How You Will Achieve It

• Applies extensive technical and industry-specific expertise and has full knowledge of the requirements of other related disciplines (technical, regulatory, QO, project management, etc).

• Leads quality and technical discussions with R&D, regulatory, operations, engineering, and quality teams regarding resolution of compliance related situations.

• Through experience in developing the finished product, process procedures and packaging of liquids, lotions, semisolids, emulsions, suspensions.

• Experience in CPP(s) and CQA(s) assignments for drug product manufacturing process.

• Demonstrated skills in leading, planning, and developing successful technology development and implementation. 

• Technical lead for product/process technology transfer from research, other sites, other areas with the site production

• Perform impact assessments for process deviations, material evaluations and provide justifications

• Perform root cause analysis and identify appropriate Corrective Actions and Preventive Actions

• Ability to gather, analyze, interpret, relate, and compare information from multiple sources and identify cause and effect relationships

• Implements new methods and processes to solve process related problems as assigned and identify and recommending their own work or projects.  Able to adapt and respond positively to situations and people to meet changing work unit priorities

• Design and execute Quality by Design (QbD) and Design of Experiment (DOE) principles in drug product and process development

• Support process validation of new products and tech transfer projects. Create and/or review batch records, recipes and BOM(s)
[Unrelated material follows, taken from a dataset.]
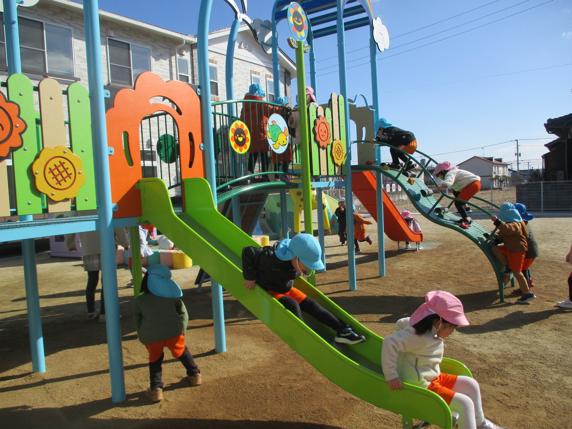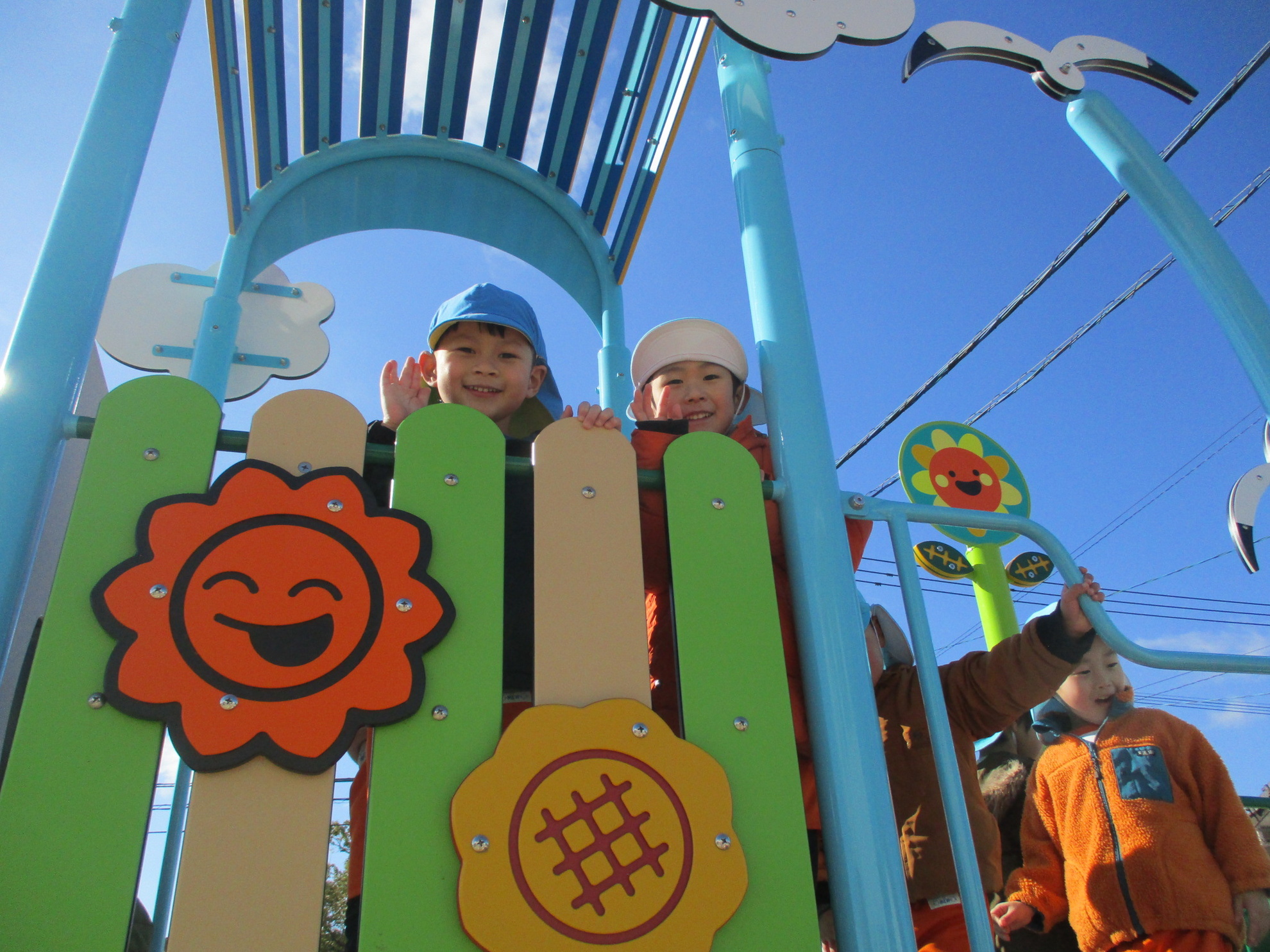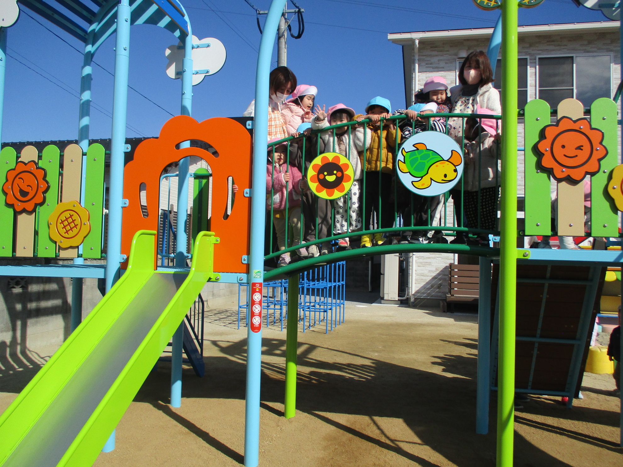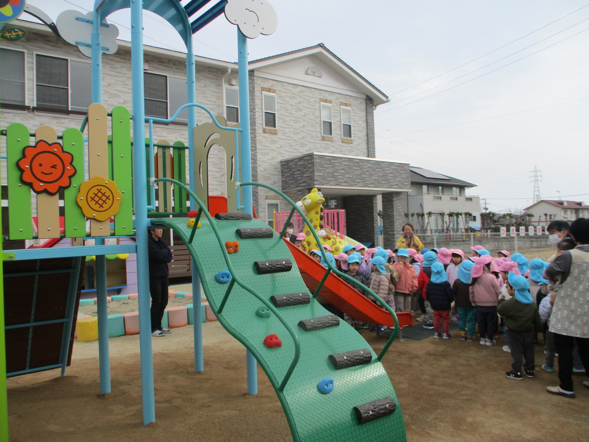 新しい遊具が完成しました 楽しみにしていた大きな遊具が完成して 遊べるようになりました! やった~!ばんざい! 園長先生と遊具で遊ぶときのお約束をして 早速遊びましょう♪ 大きな滑り台…ドキドキ… 順番に登ろうね。 やっほ~~! 上るのも滑るのも上手☆ 新しい遊具楽しいね! これからたくさん遊ぼうね(^^)☆ カテゴリー: 投稿日:2026年02月06日 次へ

• Primary author for reports, technical memo(s), process performance qualifications protocols presentations, reports, and technical papers with minimal direction.

Qualifications

Must-Have

• Applicant must have HS Diploma with eight years of relevant experience;

• OR an Associate's degree with six years of experience;

• OR a Bachelor’s degree with at least three years of experience;

• OR a Master’s degree with more than one year of experience.  

• Strong aptitude for learning process technology and equipment.
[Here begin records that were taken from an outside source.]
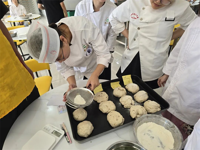 培訓(xùn)中,專業(yè)教師圍繞面包烘焙全流程,系統(tǒng)講授了面粉種類與特性、酵母作用原理、發(fā)酵環(huán)境控制、烘焙時間把握等核心知識,講解深入淺出、細(xì)致到位。教職工們學(xué)習(xí)熱情高漲,在揉面、發(fā)酵、整形等實(shí)操環(huán)節(jié)反復(fù)練習(xí)、用心揣摩,逐步掌握了面包制作的關(guān)鍵技能。從最初的“烘焙小白”到能夠熟練制作多種經(jīng)典面包,大家的進(jìn)步有目共睹,也為迎接考核打下堅(jiān)實(shí)基礎(chǔ)。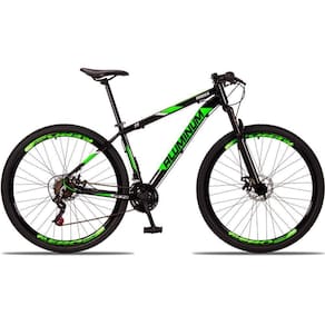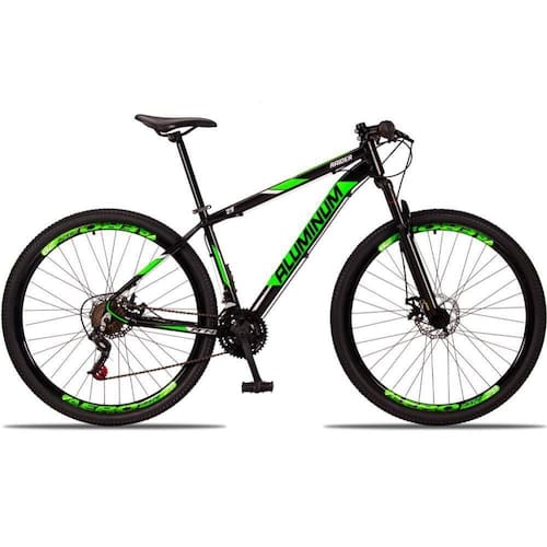 Aro: 29 | Marchas: 21 | Modalidade: Passeio | Suspensão: Dianteira | Material do Quadro: Quadro ALUMINUM Raider Aro 29 em ALUMÍNIO 6061 | Modelo e Composição do Garfo: Garfo / Suspensão Aro 29 PRETO 100MM | Marca e Modelo do Sistema de Câmbio: Câmbio Dianteiro Importado 3v / Câmbio Traseiro Importado 7v / Trocador de Marchas Revoshift - Giratório - 21v | Marca e Composição do Pedivela: Pedivela Reduzido em Aço | Modelo e Composição do Freio: Freio a Disco 160mm Preto - MECÂNICO | Material da Roda: Aros Aero 36 Furos Folha Dupla Alumínio | Pneus: Pneu 29 (Imp.) | Marca e Composição dos Cubos: Cubos em Aço p/ Disco 36f Preto com Blocagens | Modelo e Composição do Guidão: Guidão Mega Over Reto Expandido em Alumínio | Marca e Composição do Selim: Selim Sport com carrinho | Material do Canote: Alumínio sem carrinho | Importante: Bicicleta para passeios e trilhas leves, não indicada para manobras radicais e trilhas pesadas / Consulte o tamanho de quadro adequado à sua altura antes de realizar a compra. | Montagem do Equipamento: A montagem é de responsabilidade do cliente, sugerimos que seja efetuada por uma oficina especializada. | Garantia do Fabricante: 90 dias. A garantia será validada para as bicicletas montadas e revisadas por uma oficina especializada e é referente apenas ao primeiro proprietário | Informação Relevante: Pode haver alguma diferença de tonalidade entre a imagem e o produto real, por conta do tratamento de imagens e a calibração de cores do monitor Cor: Preto+verde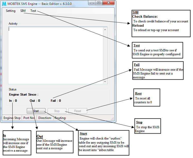 - To start the SMS Engine, click “Start” button.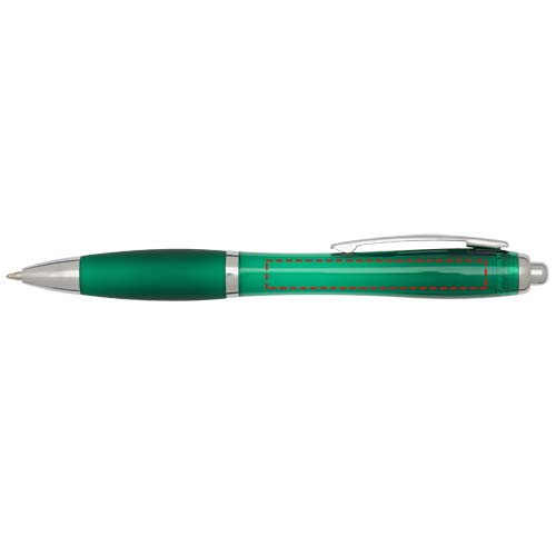 Der Nash Kugelschreiber aus recyceltem Kunststoff mit Klickmechanismus zeichnet sich durch sein stilvolles, geschwungenes Design aus. Er verfügt über einen transparenten, farbigen Schaft mit silbernen Akzenten sowie einen farblich passenden weichen Griff, der für ein angenehmes Schreibgefühl sorgt. Er besteht aus RCS-zertifiziertem recyceltem ABS Kunststoff und trägt dazu bei, den Verbrauch von Neuware zu reduzieren, ohne dabei an Strapazierfähigkeit einzubüßen. Auf der Rückseite befindet sich ein rABS-Logo, das auf den Recyclinganteil hinweist. Tintenfarbe: Schwarz. Spitzengröße: 1,0 mm. Schreiblänge: 1000 Meter.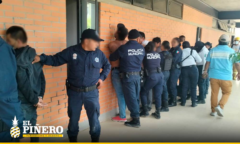 Elementos de la Agencia Estatal de Investigaciones y de la Policía Municipal detuvieron a siete personas identificadas como: J.C.L.C., J.M.D.C., M.H.H., J.R.C., J.C.H.H. y G.R.H., además del supuesto líder de iniciales E.C.G., quienes quedaron a disposición de la autoridad correspondiente para que se determine su situación jurídica.

• Excellent written and oral communication skills.

• Demonstrated ability to interact effectively with all levels of the organization including diverse educational and cultural backgrounds.

• Flexibility and ability to embrace and lead chance.

• Ability to work in a high-paced team environment.

Nice-to-Have

• Experience in a cGMP environment including specific knowledge of and experience with drug product processing and equipment is desired.

• Good understanding of QbD approach and DOE designs

• Experience in regulatory dossier submissions and response to queries

• Through knowledge on validation practices and experience in manufacturing process verifications

• UpToDate with new technologies and applying these techniques and methods where appropriate

Physical/Mental Requirements

• Frequent time in manufacturing, lab, and office environments.

• Must be able to perform gowning requirements for entry in the manufacturing areas.

• Requires lifting, sitting, standing, walking, stair climbing and roof access.

• WORK ENVIRONMENT

• Office environment, with frequent time in the lab/manufacturing areas.

• Possible exposure to high noise environments, solvents, and pharmaceutical ingredients.

• Use of hearing and eye protection is required.

• Must be available to support 24/7 – 365 operation.

Non Standard Work Schedule, Travel, or Environment Requirements

The focus of the work is at the Kalamazoo, MI site, however 0-20% travel may be required for network support.

Work Location Assignment: On Premise

Other Job Details

• Eligible for Relocation Package: YES

Relocation assistance may be available based on business needs and/or eligibility.